CHECKPOINT: Review each clip.
Step 5: Assemble
Normalize dimensions, concatenate, output final reel:
# Normalize each clip to 1080x1920
for f in clip*.mp4; do
ffmpeg -y -i "$f" -vf "scale=1080:1920:force_original_aspect_ratio=decrease,pad=1080:1920:(ow-iw)/2:(oh-ih)/2" -c:v libx264 -pix_fmt yuv420p "${f%.mp4}_norm.mp4"
done
# Concatenate
printf "file '%s'\n" *_norm.mp4 > concat.txt
ffmpeg -y -f concat -safe 0 -i concat.txt -c:v libx264 -pix_fmt yuv420p final_reel.mp4
Step 6: Text Overlays (separate step)
Text is added AFTER animation — never bake text into the images or Kling prompts (it gets distorted). Options:
- CapCut / InShot — manual, fastest for one-offs
- ffmpeg drawtext — scripted, good for batch
- Remotion — programmatic, see
text-on-brollskill
Costs
| Reel Type | Images | Clips | Total |
|---|---|---|---|
| 3-scene (2 transitions) | ~$0.25 | ~$1.12 | ~$1.40 |
| 5-scene (4 transitions) | ~$0.40 | ~$2.24 | ~$2.65 |
| 8-scene (7 transitions) | ~$0.65 | ~$3.92 | ~$4.60 |
Prompt Tips
For image generation
- Describe a single composed frame — think photography, not video
- Be explicit about style: "watercolor and ink," "editorial photography," "nursery print aesthetic"

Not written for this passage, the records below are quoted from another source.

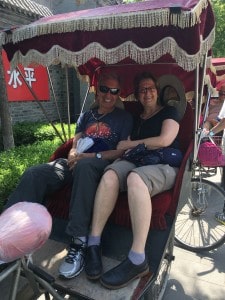 My last full day in Beijing started by riding the subway. Beijing has a very extensive subway system, and due to language challenges, it does seem overwhelming. However, the system is fairly well laid out, and with a little patience and confidence, it can easily be handled. Our first stop was the Skewed Tobacco Pouch Street, followed by a long, and I mean long and very steep, stairway climb to the Drum Tower. While in the Tower, we got to see a performance of the drums. This fun experience was followed by a visit to a local family’s home in the Hutong District, riding a rickshaw through the narrow streets and lunch in another local family’s home. For our final stop, our amazing William led us by subway to the Pearl Factory, a 5-story shopping complex where you literally can shop and bargain till you drop. Totally worn out, we made our way back to the Hotel on our own by way of the subway. I was proud of myself as I braved the daunting vending machine for my subway ticket!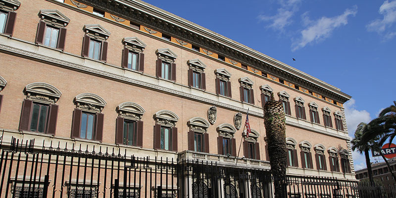 The American Embassy is 400 meters north on Via Veneto, if you lost your passport, otherwise there is no need to take a look at this former palace surrounded by high fence.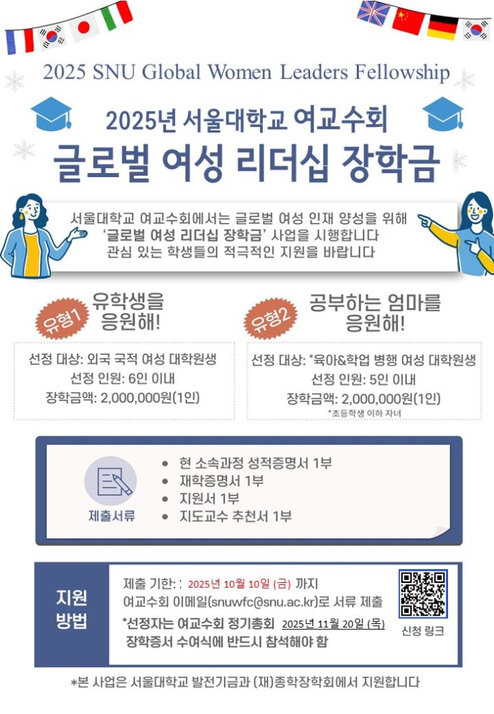 [서울대학교 여교수회] 2025 글로벌 여성 리더십 장학금 안내

- Always end with "No text anywhere" — models sometimes add random text
- Include "Vertical composition" for 9:16
For Kontext (character consistency)
- Start prompts with "Same fox character and art style" (or whatever your subject is)
- Reference specific visual elements: "same watercolor and ink technique, same muted earth tones"
- The more different the new scene is from the anchor, the more likely Kontext times out
For Kling transitions
- Describe the CHANGE between frames, not the frames themselves
- Keep to 1-2 actions per 5-second clip
- Include ambient motion: "wildflowers sway," "light shifts," "breeze ruffles fur"
- Don't include text descriptions — text in AI video always looks bad
Related Skills
- video-generator — Single-shot video generation (VEO, Sora, Kling). Has the
generate_video.pyscript with Kling provider support. - nano-banana-image-generator — Standalone image generation (Gemini). Good for square images only.
- video-caption-creation — Add text overlays after assembly
- text-on-broll — Remotion-based text overlay on video
Prompt Engineering Reference
See video-generator/references/ai-video-prompt-engineering-guide.md for comprehensive prompting guide (camera language, lighting, motion, audio, 14 sections from 7 sources).